Watermarks can broadly be of two types: event-based and processing-based. For event-based watermarks, there is no notion of real time (wall-clock time as maintained by the processing system). Let’s take an example where the additional waiting period, or watermark, is set to 30 minutes. For a window of one hour beginning at 10:00, the system will wait till it sees an event bearing a timestamp greater than 11:30. The system will start processing all the events bearing timestamps between 10:00 and 11:00, only after it sees an event with a timestamp greater than 11:30. Note that, the system ignores when (on the wall-clock) the events bearing the watermark timestamp is actually seen. This can be significantly later than the 30-minute waiting period (for example, if the event source(s) remain unreachable for several hours).
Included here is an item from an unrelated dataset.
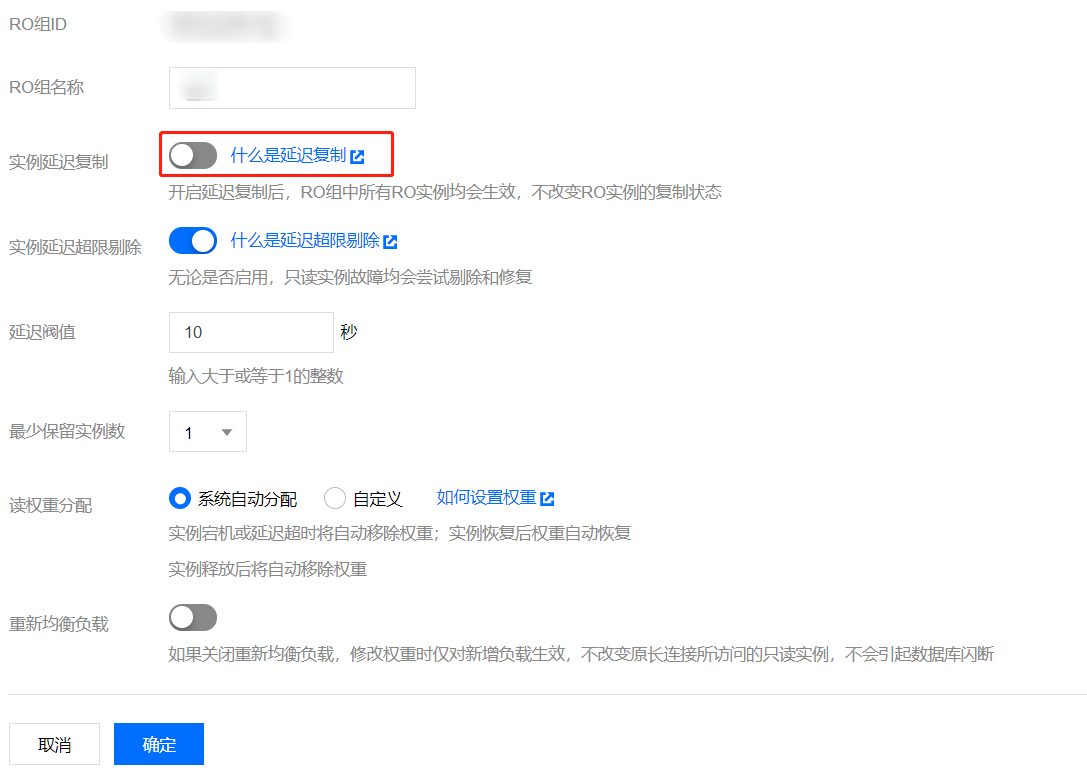 3. 在 RO 组配置页,配置 RO 组信息里开启实例延迟复制,设置延迟时间,单击确定。

Event-based watermarks allow for prioritising accuracy over latency.
In processing-based watermarks, the cut-off time-period is determined as per the wall-clock of the processing system: the system will wait for a defined time-period before processing events belonging to a particular window. This is mainly useful when time is of the essence. For example, while live-tracking traffic data, where data processing is time-sensitive, we cannot afford to wait for an indefinite period for events bearing a particular watermark timestamp to arrive. Instead, the system will begin processing events for a given window, the moment the watermark timestamp is reached.
Watermarks provide an approximation approach where we choose to compromise on the overall accuracy (by not waiting for processing every single data for a given window), in the interest of processing a large amount data at a given latency. In the case of Cardimom, we do not need watermarks, as we are interested in 100% accuracy, and there is no handicap in having indefinite delays. We could, however, have used watermarks to only consider all unique posts published in the last 6 hours as well (similar to the breaking news example). A down side of this approach would be that the system would miss posts bearing older timestamps (that may have been skipped by the system in earlier system runs).